## Data for the task

____________

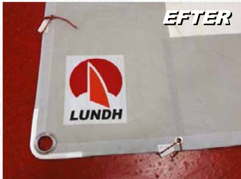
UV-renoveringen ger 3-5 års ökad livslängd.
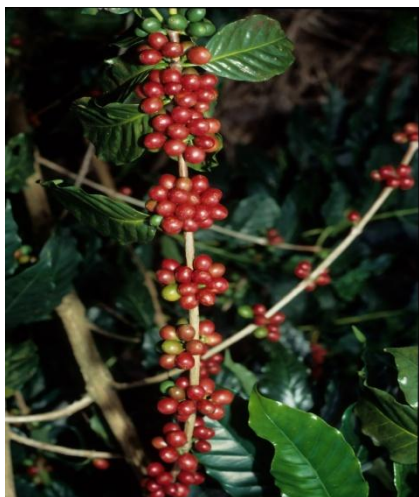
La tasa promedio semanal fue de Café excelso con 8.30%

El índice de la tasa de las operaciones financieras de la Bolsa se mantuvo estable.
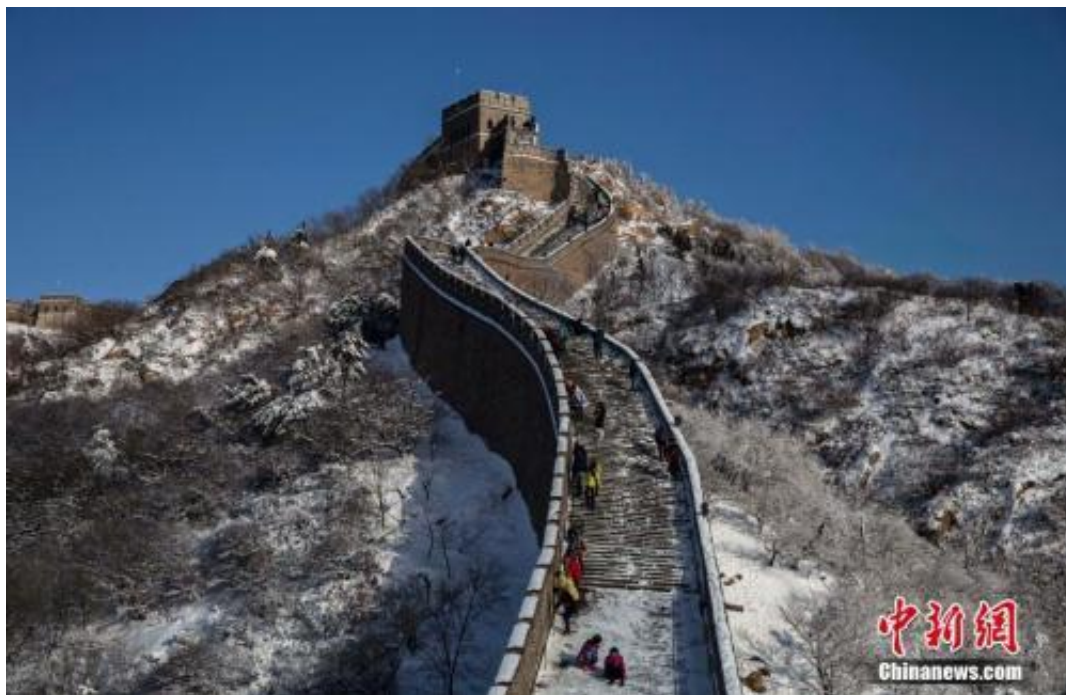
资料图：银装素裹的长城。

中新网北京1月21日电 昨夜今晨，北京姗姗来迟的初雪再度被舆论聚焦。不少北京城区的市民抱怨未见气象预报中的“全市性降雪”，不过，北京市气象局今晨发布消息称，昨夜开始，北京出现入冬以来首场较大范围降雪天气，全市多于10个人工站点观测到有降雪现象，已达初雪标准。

____________

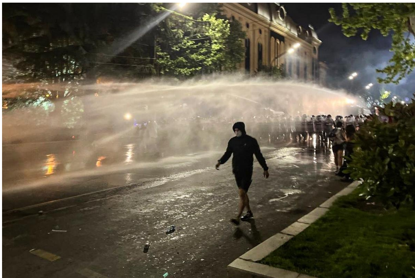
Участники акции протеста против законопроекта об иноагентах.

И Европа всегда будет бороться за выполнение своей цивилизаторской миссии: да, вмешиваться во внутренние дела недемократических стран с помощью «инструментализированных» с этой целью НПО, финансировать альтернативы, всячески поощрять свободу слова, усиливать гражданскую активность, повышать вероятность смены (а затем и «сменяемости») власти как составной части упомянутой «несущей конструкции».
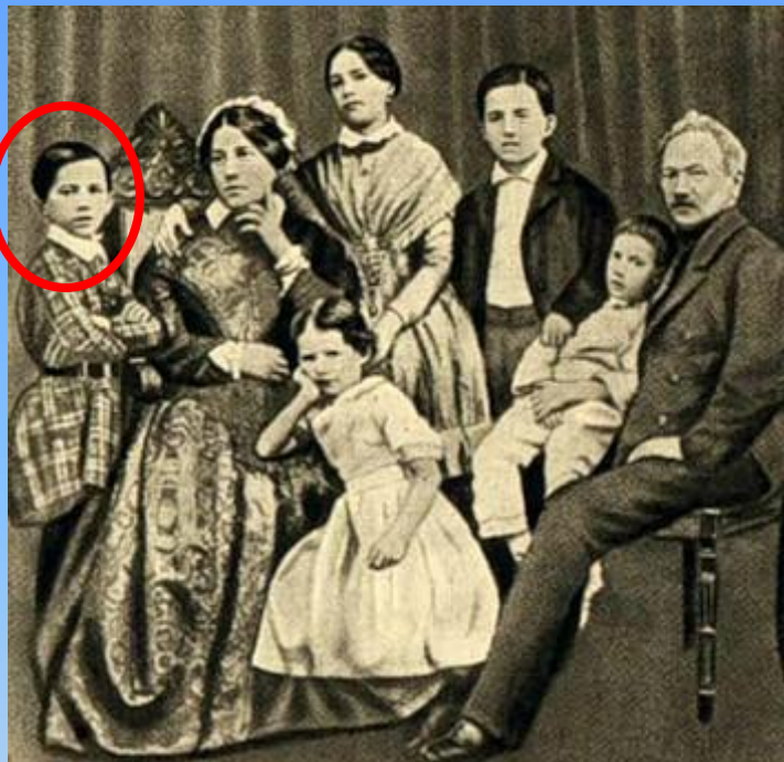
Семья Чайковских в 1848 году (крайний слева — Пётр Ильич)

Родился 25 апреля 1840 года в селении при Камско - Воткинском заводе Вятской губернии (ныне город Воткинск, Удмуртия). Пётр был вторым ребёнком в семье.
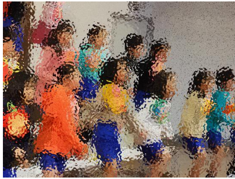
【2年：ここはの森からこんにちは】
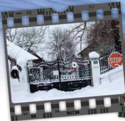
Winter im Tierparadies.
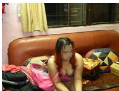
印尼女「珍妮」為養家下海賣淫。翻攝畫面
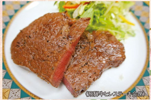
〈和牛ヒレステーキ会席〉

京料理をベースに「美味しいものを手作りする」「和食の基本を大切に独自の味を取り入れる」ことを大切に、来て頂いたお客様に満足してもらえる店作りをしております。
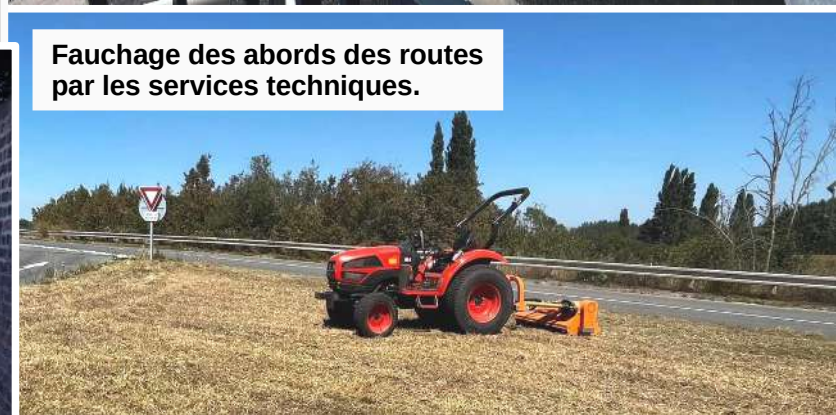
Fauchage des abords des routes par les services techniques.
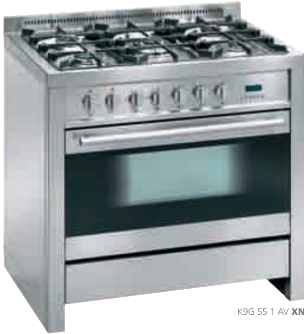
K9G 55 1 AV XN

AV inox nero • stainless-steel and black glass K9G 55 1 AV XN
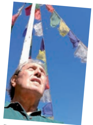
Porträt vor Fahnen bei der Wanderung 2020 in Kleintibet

____________

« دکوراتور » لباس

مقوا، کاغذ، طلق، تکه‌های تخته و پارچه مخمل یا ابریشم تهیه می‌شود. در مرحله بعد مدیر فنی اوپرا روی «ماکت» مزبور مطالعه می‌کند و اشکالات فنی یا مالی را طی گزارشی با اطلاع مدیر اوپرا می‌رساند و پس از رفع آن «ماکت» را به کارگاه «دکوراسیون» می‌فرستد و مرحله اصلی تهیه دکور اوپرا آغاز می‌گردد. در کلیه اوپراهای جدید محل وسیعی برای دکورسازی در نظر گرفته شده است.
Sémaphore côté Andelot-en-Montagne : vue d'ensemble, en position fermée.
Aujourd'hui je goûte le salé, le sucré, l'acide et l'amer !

____________

## What you should do
Starting at the line that contains "UV-renoveringen ger 3-5 års ökad livslängd." and ending at the line that contains "中新网北京1月21日电 昨夜", transcribe the material above exactly, excluding pictures.

## Exercise solution
UV-renoveringen ger 3-5 års ökad livslängd.
La tasa promedio semanal fue de Café excelso con 8.30%

El índice de la tasa de las operaciones financieras de la Bolsa se mantuvo estable.
资料图：银装素裹的长城。

中新网北京1月21日电 昨夜今晨，北京姗姗来迟的初雪再度被舆论聚焦。不少北京城区的市民抱怨未见气象预报中的“全市性降雪”，不过，北京市气象局今晨发布消息称，昨夜开始，北京出现入冬以来首场较大范围降雪天气，全市多于10个人工站点观测到有降雪现象，已达初雪标准。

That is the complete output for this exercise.